She'd had to drive over even sharper opposition to get everyone's agreement to her proposal to use Hope as the transport for the departing Mesan personnel. Web Du Havel had sided with her immediately, but Jeremy had dug in his heels.
Let the swine make the trip in cubbyholes aboard Solarian warships.
The children, too?
Those are not children. Those are young vipers.
No. NO. There isn't enough room for all of them. Leave any behind . . .
Vipers.
Damn you, Jeremy! I will not be crowned standing in a lake of blood and vomit! End the slaughter now! NOW, do you hear!
It had been the first clash of wills between her and Jeremy. And . . .

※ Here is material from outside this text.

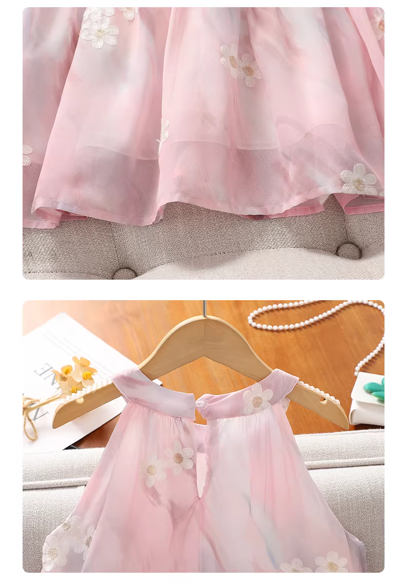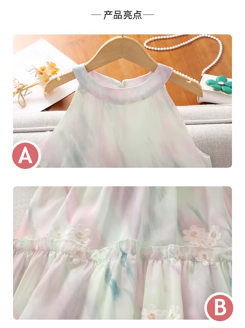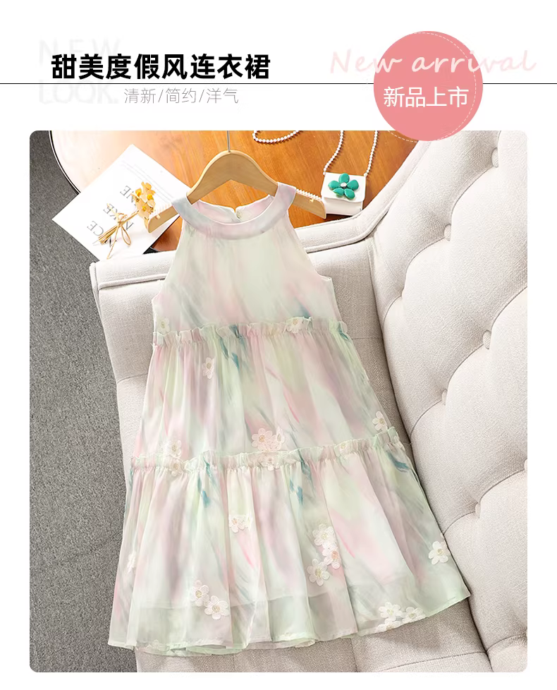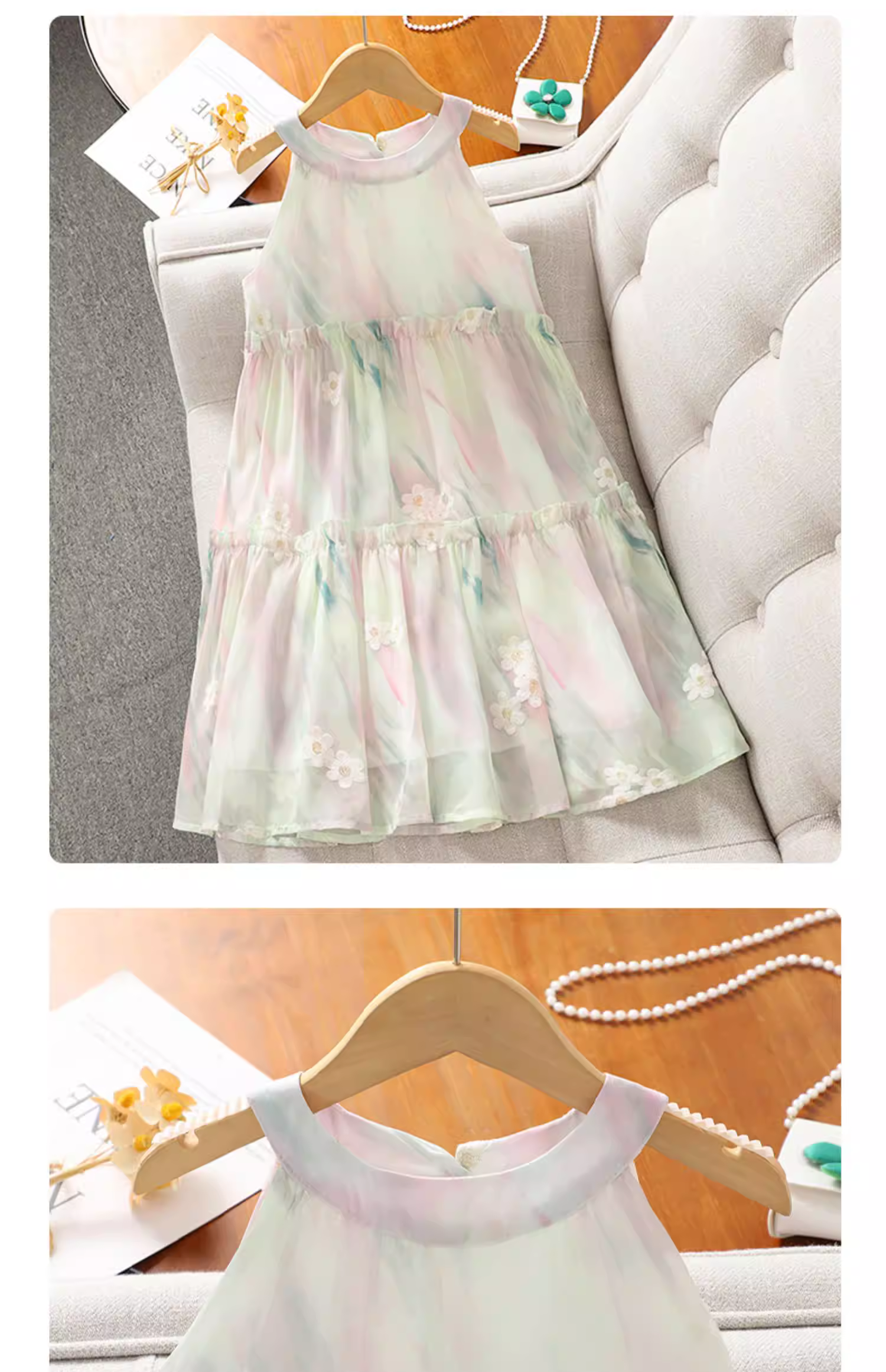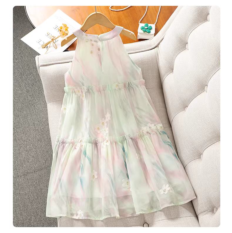 - Váy công chúa bé gái cổ halter không tay kiểu mùa hè 2025, kiểu dáng mới đi nghỉ mát, váy đi biển, váy cho bé gái lớn

She'd won, to her surprise. Mostly because, she decided afterward, even Jeremy had been a little shaken by the horror. Especially after one particularly savage group of slaves had gleefully broadcast a transmission which recorded for posterity the execution of three overseers. Insofar as the antiseptic term "execution" could be applied to death by torture.
Web had helped, adding his quiet and calm reasoning to her own stubborn fury.
"We must end it now, Jeremy—as quickly as possible, whatever it takes—or we will suffer a monumental disaster in public relations. Bad enough that recording will be used by Manpower from now on, every chance they get. If we can at least demonstrate that the new government did everything in its power to bring the butchery to a halt, we can contain the damage. In the end, most people will accept the spontaneous fury of rebelling slaves. They will not accept the cold-blooded callousness of established power. Let them have the Hope."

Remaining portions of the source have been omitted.